Я слежу за тем, как выполняю программы, как играю в различные социальные игры — и это словно стало сутью моего дня. Если воспользоваться сегодняшней терминологией, я просто отслеживаю свои реакции и наблюдаю, как они разворачиваются. Постоянное желание смотреть, фиксировать, сравнивать — и всё это выдает мою позицию, с которой я прихожу на сессии. Моя задача — не участвовать, а реагировать на увиденное. И дальше уже идёт попытка выстроить запрос так, чтобы перестать реагировать. Чтобы я могла как бы "по жизни" не реагировать, не включаться. То есть не взаимодействовать, не вмешиваться, не управлять — а оставаться зрителем.
Это и есть отказ от управления. Осознанный. Прямой. Я не буду вмешиваться. Я не беру на себя ни одной функции, я отказываюсь влиять. И, в каком-то смысле, это похоже на раздвоенность. Как будто у меня действительно начинается внутреннее расщепление — на зрителя и на героя. И каждый раз я встаю в какую-то одну из этих ролей. Каждый раз есть запрос на проработку какой-то части себя, и я всё время как будто ожидаю, что кто-то должен с этим что-то сделать. Как будто прошу: разберись с этой частью, но не я — кто-то другой.
Можно ли вообще проработать ту часть, которая только и делает, что играет? Ведь моя задача — не в том, чтобы осознать и трансформировать, а в том, чтобы максимально качественно доиграть. И не в том смысле, чтобы выиграть или победить. Даже идея "выиграть" в этом контексте звучит странно и неуместно. На самом деле, всё гораздо проще и пассивнее: сделать так, чтобы всё катилось по накатанной линии, по автоматической прямой. Чтобы это кино просто шло само по себе, без вмешательства, без боли, с хэппи-эндом.
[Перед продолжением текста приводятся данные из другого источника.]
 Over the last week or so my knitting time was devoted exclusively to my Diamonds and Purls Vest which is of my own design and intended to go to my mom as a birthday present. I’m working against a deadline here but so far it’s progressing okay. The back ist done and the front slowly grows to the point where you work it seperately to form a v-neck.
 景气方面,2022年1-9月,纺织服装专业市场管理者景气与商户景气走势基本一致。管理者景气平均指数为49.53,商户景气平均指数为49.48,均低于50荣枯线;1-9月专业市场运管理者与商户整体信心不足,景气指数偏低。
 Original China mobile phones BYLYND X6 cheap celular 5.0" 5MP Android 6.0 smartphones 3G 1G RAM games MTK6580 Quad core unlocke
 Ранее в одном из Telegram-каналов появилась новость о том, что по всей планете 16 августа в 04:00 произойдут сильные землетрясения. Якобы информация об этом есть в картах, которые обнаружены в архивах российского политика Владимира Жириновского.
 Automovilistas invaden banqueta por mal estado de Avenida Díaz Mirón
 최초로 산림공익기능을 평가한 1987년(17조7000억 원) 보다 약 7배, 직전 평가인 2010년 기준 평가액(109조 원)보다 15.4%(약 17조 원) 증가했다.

Получается, что позиция на самом деле не активная, а полностью избегающая. Я не стремлюсь осознать или повлиять, я стараюсь избежать — прежде всего боли, своих реакций, своего поведения. И в этом проявляется полная форма бегства от сознания. Это чистейшее бегство.
Я увидела себя в этом. Осознала последствия. Проследила, где была, с кем была, какой уровень переживала, что происходило — и стало больно. Например, когда увидела сына. Восприятие чуть-чуть открылось, и сразу стало ясно: больно. Лучше бы не видела. Тут же возникает потребность срочно переключиться — ещё один фильм, ещё одна история. Всё, чтобы увести внимание, чтобы стереть, забыть, не сталкиваться с тем, что увидела.
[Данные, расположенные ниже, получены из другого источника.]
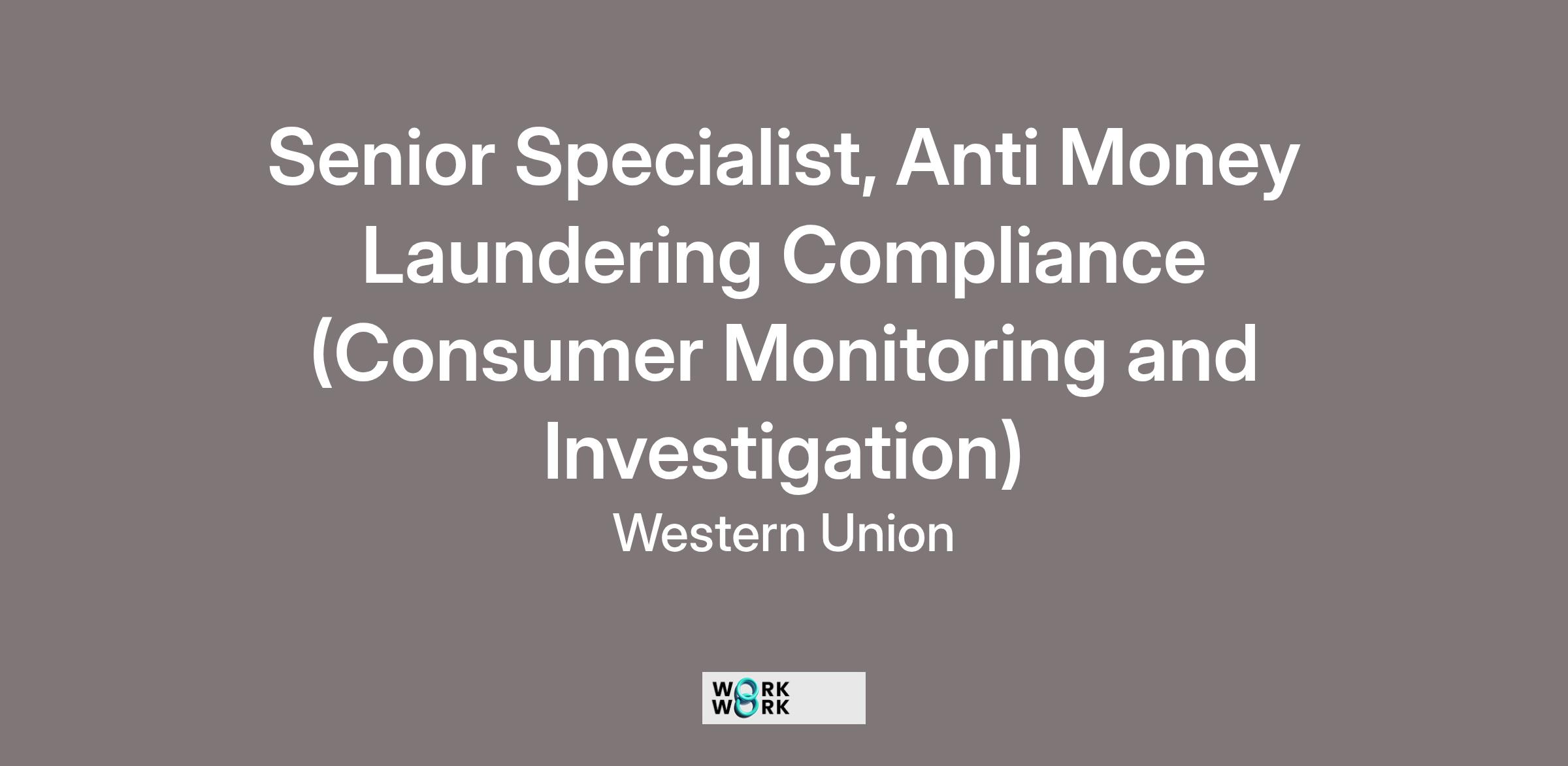 Are you looking to play a key role in helping tackle money laundering and other financial crimes? Are you ready to unleash your potential in a global business that is committed to moving money for the better? Are you interested in joining a globally diverse organization where our unique contributions are recognized and celebrated, allowing each of us to thrive? Then it’s time to join Western Union as a Senior Specialist, Anti Money Laundering Compliance (Consumer Monitoring and Investigation).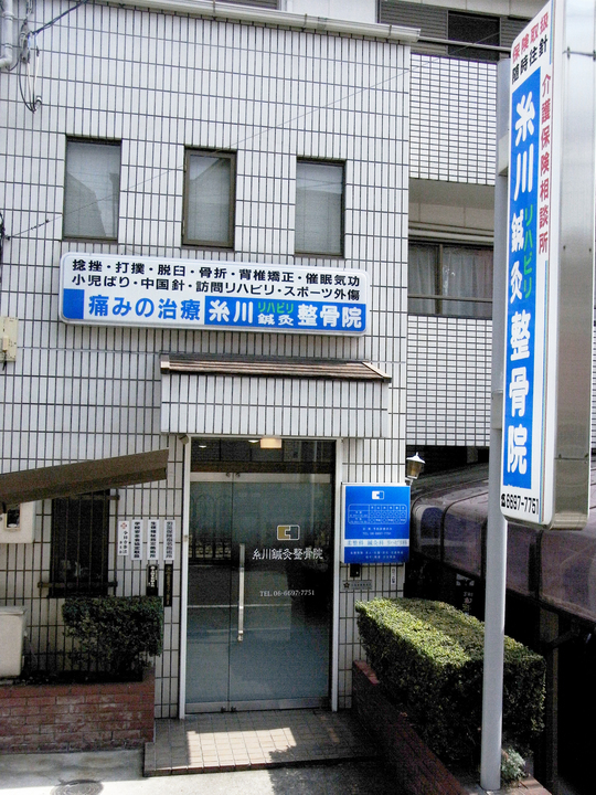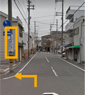 駒川商店街を抜け、約5分程度進むと左手に「月極駐車場」が見えてきます。その前の電信柱に「糸川鍼灸整骨院」の看板が出ています。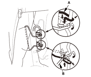 Install the harness (A) through the hole (B).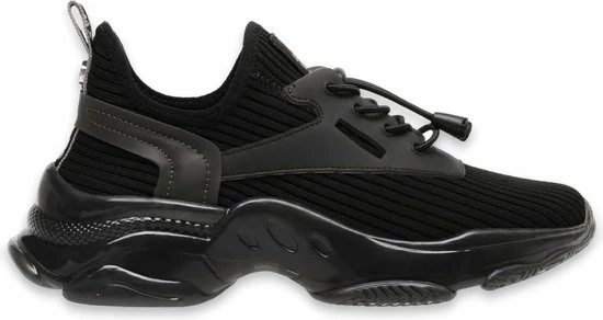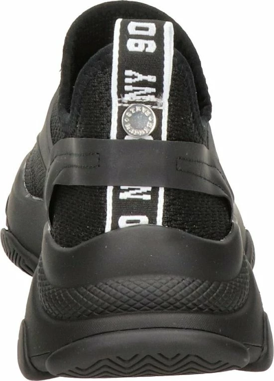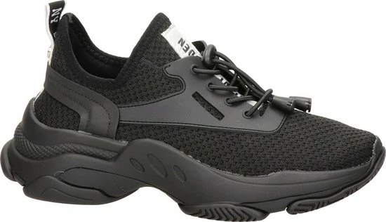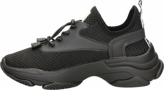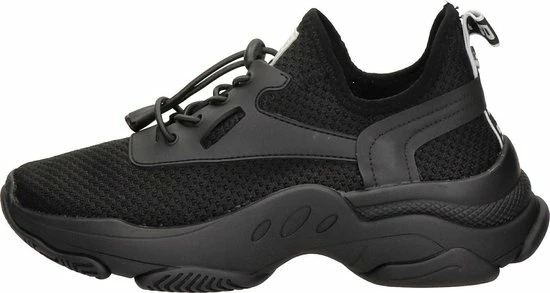 Maak een statement met deze zwarte dadsneaker Match van het merk Steve Madden. Het bovenwerk is gemaakt van ademend mesh met zwarte, rubberen overlays en een trekkoordsluiting met elastische veters. Op de tong en de hiel bevindt zich textiel logotape en de elastische enkelkraag biedt een gemakkelijke instap. De uitbundig gevormde fAshionzool heeft een goede grip en maakt de sneaker extra opvallend én comfortabel. Het binnenwerk is van textiel en heeft een uitneembaar voetbed. Draag ‘m bij een toffe jeans of een zwierige jurk en je valt lekker op! Maatadvies: dit model valt smal.

И всё продолжается: включается желание заново войти в другую сюжетную линию, в другой роман, в новое кино. Завернуть новый цикл, увлечься чем-то. Спрыгнуть с одного конца и сразу попасть в новый нарратив. Не чувствовать. Не касаться. А позиция остаётся той же — зритель, который не вмешивается. Я даже не просто не вмешиваюсь — я прошу другого вмешаться за меня. Потому что внутри я отказываюсь быть кем-то ещё, кроме зрителя. И это становится точкой опоры — иллюзорной, но по-прежнему удерживающей.
Кажется, что всё как-нибудь само решится — кино дорисуется, что-нибудь произойдёт, или, в крайнем случае, кто-нибудь придёт и поможет. Я мысленно перекладываю решение на кого-то другого, внутренне предлагая: давайте вы решите, а я просто подожду. Моя основная позиция — буквально ничего не трогать, не вмешиваться, не менять. И если смотреть глубже, то именно это и есть та первая точка, в которой я зафиксирована: позиция беспомощного зрителя, отделившего свою собственную жизнь от себя самой, как будто между мной и жизнью — экран.
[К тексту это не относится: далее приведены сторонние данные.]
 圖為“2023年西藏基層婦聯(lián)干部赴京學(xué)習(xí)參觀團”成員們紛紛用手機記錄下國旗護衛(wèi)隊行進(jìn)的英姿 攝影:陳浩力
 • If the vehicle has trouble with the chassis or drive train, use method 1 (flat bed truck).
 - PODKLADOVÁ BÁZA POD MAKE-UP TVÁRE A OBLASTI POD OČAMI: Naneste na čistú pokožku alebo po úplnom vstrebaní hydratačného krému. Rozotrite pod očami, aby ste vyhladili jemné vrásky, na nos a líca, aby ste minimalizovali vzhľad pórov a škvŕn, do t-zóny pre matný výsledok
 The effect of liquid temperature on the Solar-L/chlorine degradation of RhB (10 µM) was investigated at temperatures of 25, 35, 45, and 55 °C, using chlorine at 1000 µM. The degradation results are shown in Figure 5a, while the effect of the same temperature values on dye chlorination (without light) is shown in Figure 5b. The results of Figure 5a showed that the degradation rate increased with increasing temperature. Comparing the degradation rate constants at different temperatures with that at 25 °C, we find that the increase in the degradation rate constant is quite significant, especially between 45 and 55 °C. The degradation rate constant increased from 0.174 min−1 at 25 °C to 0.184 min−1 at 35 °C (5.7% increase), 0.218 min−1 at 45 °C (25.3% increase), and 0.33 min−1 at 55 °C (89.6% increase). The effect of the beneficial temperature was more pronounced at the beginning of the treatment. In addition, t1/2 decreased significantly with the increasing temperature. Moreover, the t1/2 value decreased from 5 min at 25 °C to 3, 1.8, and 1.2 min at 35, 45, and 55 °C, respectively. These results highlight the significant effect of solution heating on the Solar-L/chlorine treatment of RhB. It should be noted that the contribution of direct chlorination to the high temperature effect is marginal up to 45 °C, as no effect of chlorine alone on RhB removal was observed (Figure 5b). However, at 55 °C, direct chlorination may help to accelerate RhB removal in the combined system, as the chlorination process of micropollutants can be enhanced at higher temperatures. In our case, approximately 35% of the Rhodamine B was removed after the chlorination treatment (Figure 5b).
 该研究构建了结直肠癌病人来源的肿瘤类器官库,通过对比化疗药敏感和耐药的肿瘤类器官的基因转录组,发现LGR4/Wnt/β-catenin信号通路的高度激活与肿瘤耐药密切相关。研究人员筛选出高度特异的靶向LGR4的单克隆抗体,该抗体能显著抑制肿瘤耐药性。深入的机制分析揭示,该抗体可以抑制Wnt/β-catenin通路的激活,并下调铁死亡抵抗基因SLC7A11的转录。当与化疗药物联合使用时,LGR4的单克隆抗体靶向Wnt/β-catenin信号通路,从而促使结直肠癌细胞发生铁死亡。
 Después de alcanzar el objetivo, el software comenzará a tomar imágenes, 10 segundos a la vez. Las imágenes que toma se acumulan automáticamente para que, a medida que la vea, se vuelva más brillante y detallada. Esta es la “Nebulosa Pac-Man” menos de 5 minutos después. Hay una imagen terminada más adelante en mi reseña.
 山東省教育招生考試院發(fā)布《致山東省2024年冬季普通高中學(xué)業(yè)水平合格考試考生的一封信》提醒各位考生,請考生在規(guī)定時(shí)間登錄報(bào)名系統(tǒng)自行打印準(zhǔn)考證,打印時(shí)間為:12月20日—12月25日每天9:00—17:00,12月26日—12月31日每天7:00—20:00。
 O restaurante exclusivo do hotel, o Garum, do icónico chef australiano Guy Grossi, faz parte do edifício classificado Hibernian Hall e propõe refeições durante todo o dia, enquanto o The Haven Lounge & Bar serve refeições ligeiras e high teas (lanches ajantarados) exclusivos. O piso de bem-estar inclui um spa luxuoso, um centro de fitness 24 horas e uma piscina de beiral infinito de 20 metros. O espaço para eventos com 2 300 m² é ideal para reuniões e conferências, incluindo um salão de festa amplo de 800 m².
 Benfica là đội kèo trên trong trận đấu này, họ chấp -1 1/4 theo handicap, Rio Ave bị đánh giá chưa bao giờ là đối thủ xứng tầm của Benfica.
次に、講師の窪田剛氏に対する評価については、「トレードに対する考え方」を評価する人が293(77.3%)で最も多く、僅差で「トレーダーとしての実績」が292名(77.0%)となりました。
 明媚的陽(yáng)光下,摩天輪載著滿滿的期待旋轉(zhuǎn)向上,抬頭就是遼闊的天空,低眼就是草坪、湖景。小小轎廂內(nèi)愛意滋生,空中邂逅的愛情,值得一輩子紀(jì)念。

Все мои действия, автоматические и неавтоматические, как будто проходят по инерции. Но как только возникает необходимость показать себя — тебе, друзьям, кому-то ещё — я тут же занимаю эту привычную роль. В ней удобно находиться, если надо произвести впечатление, рассказать о себе, что-то о себе продемонстрировать. Чтобы это сделать, мне нужно внимательно на себя посмотреть, оценить себя — и в этот момент я сразу же переключаюсь в позицию наблюдателя. Не действующего, а описывающего.
Это словно автоматический переход из одного транса в другой: сначала я — беспокойный игрок, отыгрывающий сюжет по сценарию, затем — зритель, который оценивает, что получилось, что не получилось, что не так. Причём я не принимаю ответственность за изменения. Я говорю: вот тут не так, это неудачно, это нужно переделать — но сама меняться не собираюсь, потому что я всего лишь зритель.
Даже рассмотрение себя происходит с этой дистанцированной позиции. И в этом есть иллюзия — как будто я демонстрирую авторство, создаю образ человека, который сам всё решает, сам осознаёт. Но на деле это всего лишь имитация — имитация мышления, имитация контроля, имитация смысла. Это можно назвать центром внутренней пустоты — таким центропупизмом, если угодно. Не знаю, насколько корректно это выражение, но оно точно отражает суть: попытка продемонстрировать «я решаю», «я осознаю», «я понимаю», хотя на деле вся эта активность нужна лишь для того, чтобы создать видимость.
Если быть честной, моя реальная позиция в большинстве случаев — именно ничего не решать. И пока я не выхожу из этой позиции, пока не начинаю по-настоящему рассматривать, где я на самом деле нахожусь, никакая проработка не может быть глубокой. Создаётся ощущение, что вся моя внутренняя работа — это игра, где я выставляю под проработку не себя, а некую конструкцию, некий персонаж, который вполне удобен для обсуждения, но не является мной по сути. Он достаточно абстрактен, чтобы можно было о нём поговорить, но при этом не соприкоснуться с чем-то реальным.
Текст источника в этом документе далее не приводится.